EXERCISE |
The line that contains "Each week in" marks the start. Please set it down, with every later line of the data, exactly and without pictures.

DATASET SECTION |
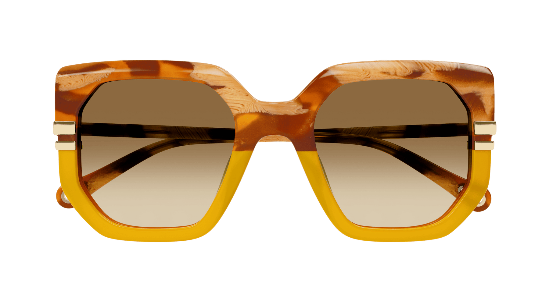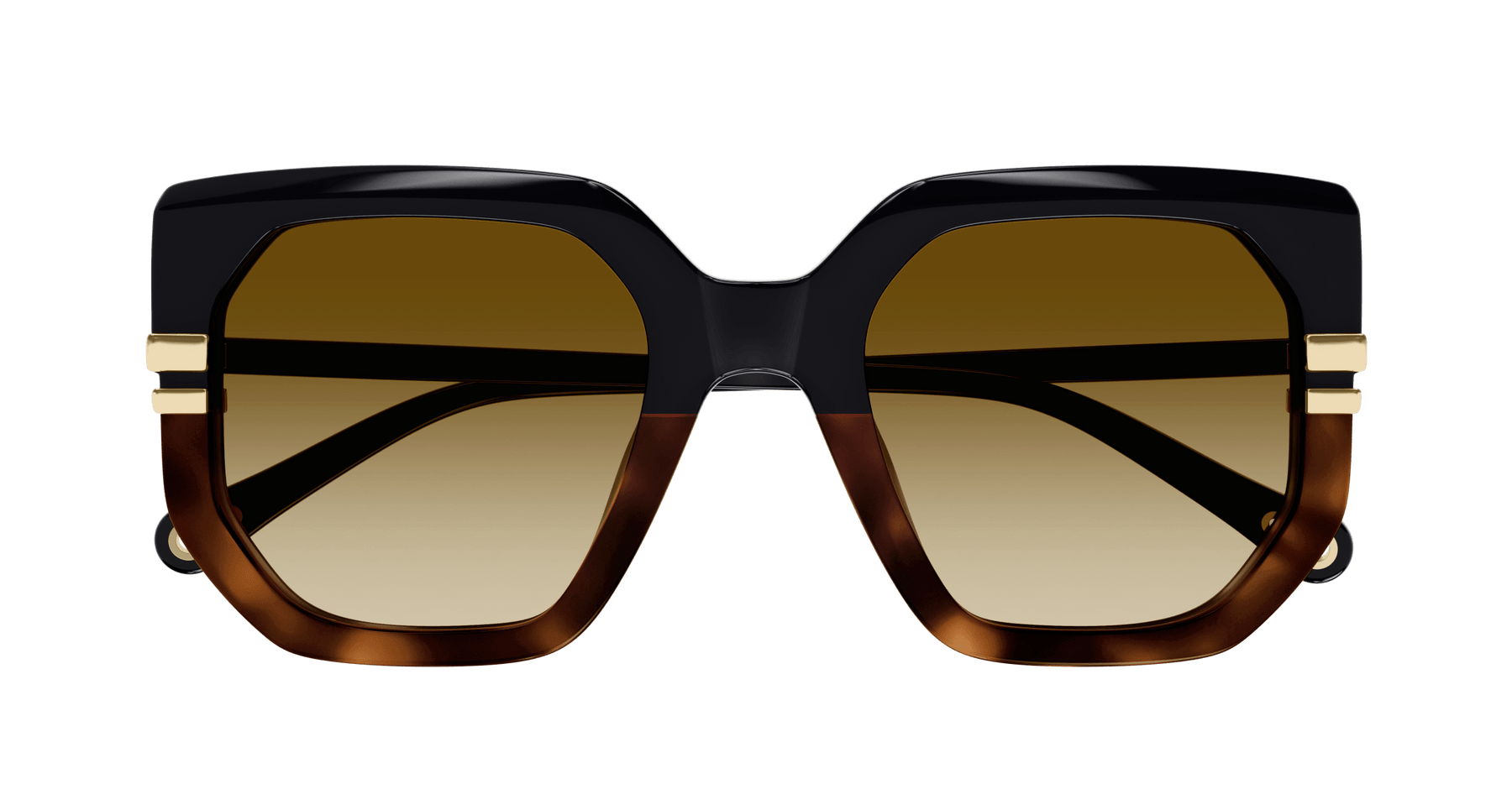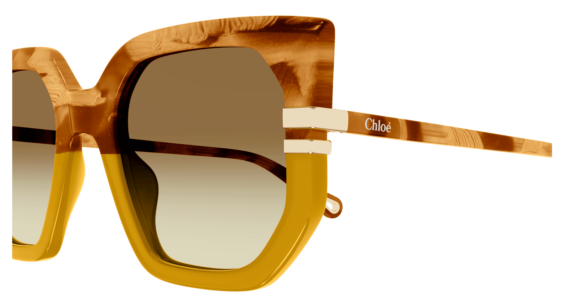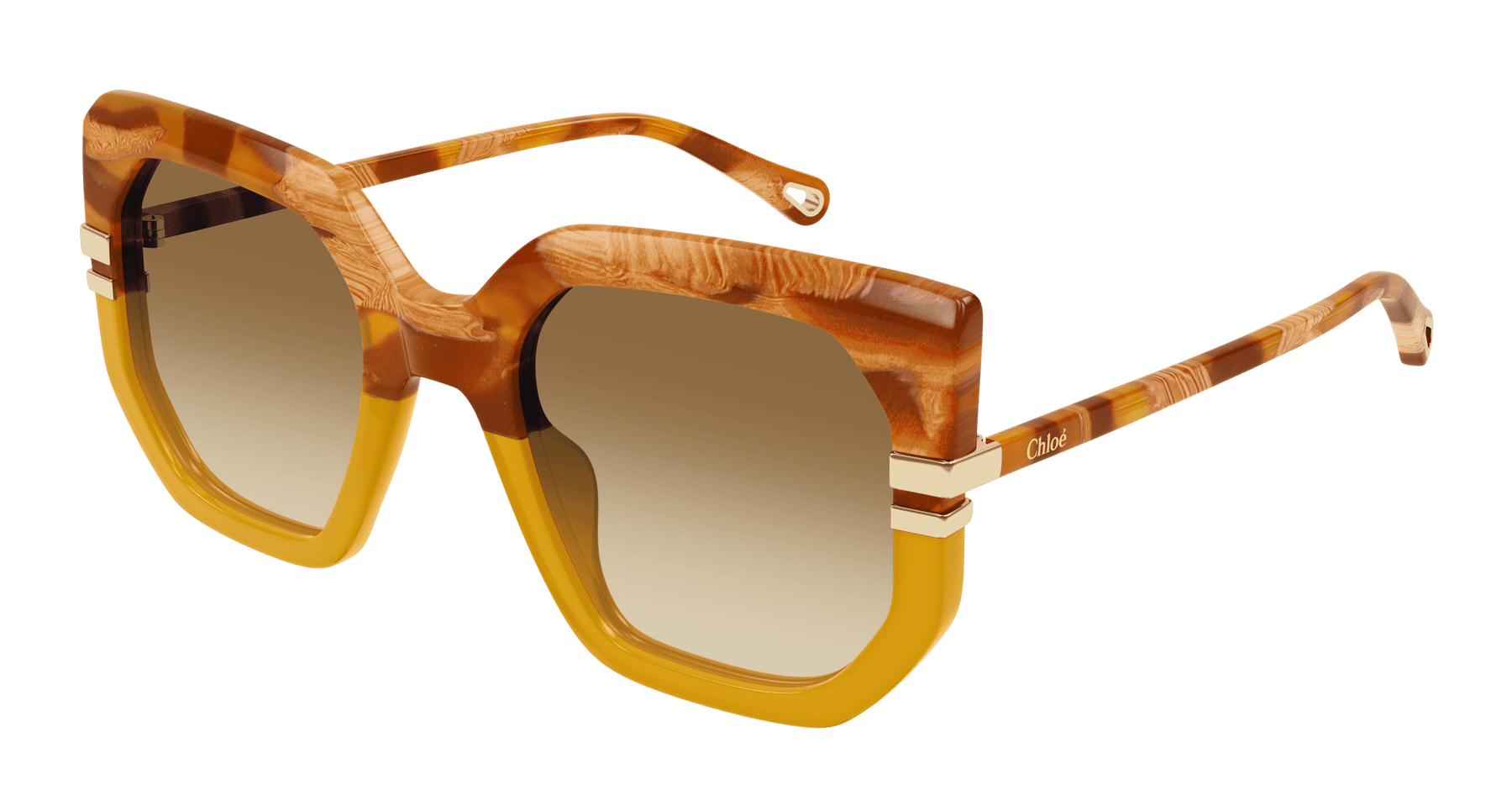 New West style reinterpreted in an oversized squared with bold profiles. Gold rounded metal interts on the front.. Mix of bi color skus with new honey, and green shades.
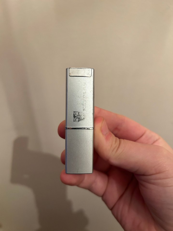 tonlarında gümüş renkli kutusunda bej renkte ruj. Nötr ve şık bir renk sunar.
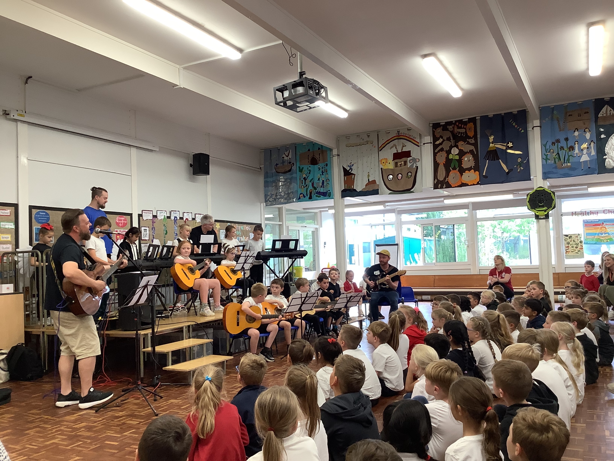 Each week in assembly, the children listen to a wide range of music from different eras and composers. We aim to give the children opportunities to develop appraisal and acquire musical skills through this and also in Music lessons. We try to give the children the experience of live music both in school and outside of school to apply these skills.
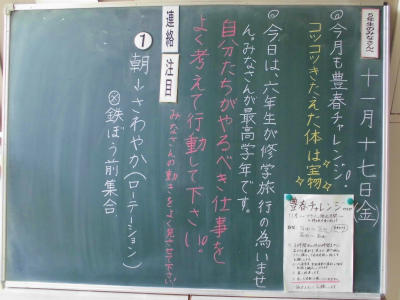 豊春小学校では、11月14日県民の日、15日土曜参観日の振替休業日と週半ばの2連休となります。子どもたちが安全に過ごせるよう、保護者の皆様、地域の皆様、見守りをお願いいたします。子どもたちには、自分の安全を自分で守るよう、学校等で学んだことを活かしてほしいと願っています。

FINAL ANSWER |
 Each week in assembly, the children listen to a wide range of music from different eras and composers. We aim to give the children opportunities to develop appraisal and acquire musical skills through this and also in Music lessons. We try to give the children the experience of live music both in school and outside of school to apply these skills.
 豊春小学校では、11月14日県民の日、15日土曜参観日の振替休業日と週半ばの2連休となります。子どもたちが安全に過ごせるよう、保護者の皆様、地域の皆様、見守りをお願いいたします。子どもたちには、自分の安全を自分で守るよう、学校等で学んだことを活かしてほしいと願っています。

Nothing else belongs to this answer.